In Lab 02, we tested our demo AEV with different codes as well as attaching the sensors and testing them.

Glossary for Arduino Calls

The purpose of the function is what the function does, while the function call is how the function appears in the Arduino code. When coding the program for the Arduino, the function call is what should be entered to make the AEV carry out the correct purpose.

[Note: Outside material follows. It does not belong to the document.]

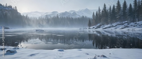 Fototapeta premium Snowflakes falling gently in front of a frozen lake, winter scene, cold...

  • Function Purpose: Accelerates or decelerates motor(s), m, from start speed (%), p1, to end speed (%), p2 over a duration of t seconds.
    • Function Call: celerate(m,p1,p2,t);
  • Function Purpose: Initializes motors(s), m, at percent power, p.
    • Function Call: motorSpeed(m.p);
  • Function Purpose: Runs the motor(s) at their  initialized state for t seconds.
    • Function Call: goFor(t);
  • Function Purpose: Brakes motor(s), m. (Does not brake AEV, just stops motor(s) from spinning).
    • Function Call: brake(m);
  • Function Purpose: Reverses the polarity of the motor(s), m.
    • Function Call: reverse(m);
  • Function Purpose: Continues the previous command for n marks from the vehicle’s current position. n can be either negative or positive, positive meaning the vehicle is moving forward while negative means the vehicle is moving backwards.
    • Function Call: goToRelativePosition(n);
  • Function Purpose: Continues the previous command for n marks relative to the overall starting position of the AEV.
    • Function Call: goToAbsolutePosition(n);

Staff, OSU. “Preliminary R&D.” Box, The Ohio State University, 18 Aug. 2017, osu.app.box.com/s/ter1ysxfl88vej3wezqleed30cymth1p.

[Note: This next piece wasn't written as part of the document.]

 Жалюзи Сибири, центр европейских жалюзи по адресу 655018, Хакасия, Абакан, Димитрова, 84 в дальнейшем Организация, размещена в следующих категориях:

Sensors correctly secured to the AEV:

 

Function of reflectance sensors, their importance in completing MCR:

The function of the reflectance sensors is to sense what the wheels (which go on the AEV track) are doing, i.e. when they go forward, backwards, and brake, as well as tracking the distance traveled by the AEV using ‘marks’.  The sensor’s ability to record and send the amount of marks that the AEV has traveled allows us to program the AEV using the Arduino to travel a certain distance measured by marks.  By using marks to measure distance and recording these marks using the reflectance sensors, it provides us with an efficient and reliable way of knowing how far the AEV will travel and eliminates the excessive testing on the motors that would have needed to be done to try and predict the distance in which our AEV would travel.  Without the sensors, we would be unable to precisely measure the distance traveled by our AEV and therefore would be unable to reliably program the AEV to travel a certain distance– they are extremely important in completing MCR.